Member of the National Assembly
- In office 14 May 2010 – 5 May 2014

Personal details
- Born: 5 April 1971 (age 54) Pécs, Hungary
- Party: Alliance for Pécs Association
- Children: 4
- Profession: politician

= János Kővári =

Hungarian politician

János Kővári (born 5 April 1971) is a Hungarian politician, member of the National Assembly (MP) for Pécs (Baranya County Constituency III) between 2010 and 2014. He was a member of the Committee on Human Rights, Minority, Civic and Religious Affairs.

In October 2009 he was the candidate of the Fidesz during the by-election in Pécs (Baranya County Constituency III), after MP László Toller, who had been in a coma, declared incapacitated.
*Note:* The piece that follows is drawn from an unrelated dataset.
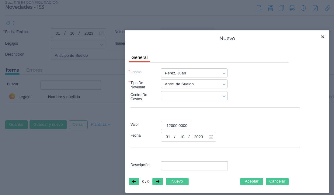Paso 1: Informar el valor del descuento anticipo con la novedad “Desc Anticipo Sueldo NO Liquidado” cuyo código es el “FINN_LCT_7236”:
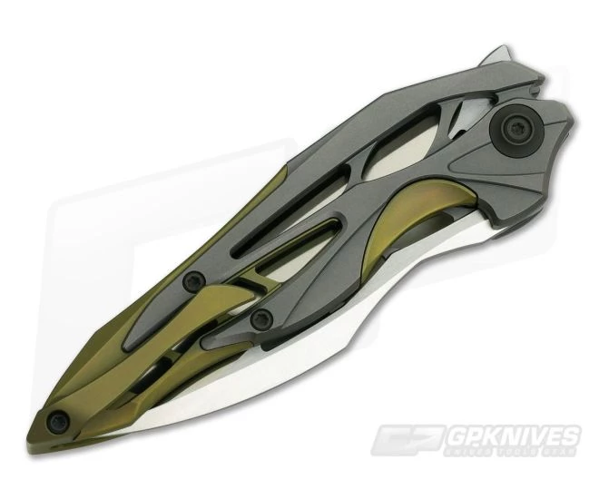 The model 906C Arrakis was the predecessor to the Isham Eschaton design and though they were not produced chronologically you can easily see the similarities in design. This eclectic design produced by WE Knife Company is a limited edition production designed by Elijah Isham that is out of this world. The Arrakis utilizes the same unique design to creates an integral folder that delivers a full-size titanium construction in a sub 4 oz. package. This version of the futuristic folder has a satin finished Bohler M390 blade and Gray on Gold 6AL4V Titanium scales. This highly stylized yet functional design is limited in production making it ideal for collectors and users alike.

After three unsuccessful rounds, fourth time Kővári received a whopping 88.3% of the votes, however, only 11% of registered voters cast their ballots, less than half of the 25% required for the result to be binding. After that the MP position remained vacant.

His local movement, the Alliance for Pécs Association (ÖPE) ran independently from the Fidesz during the 2014 local elections. Kővári was a non-partisan candidate for the position of Mayor of Pécs, but defeated by incumbent mayor Zsolt Páva.

==Personal life==
He is married and has four children.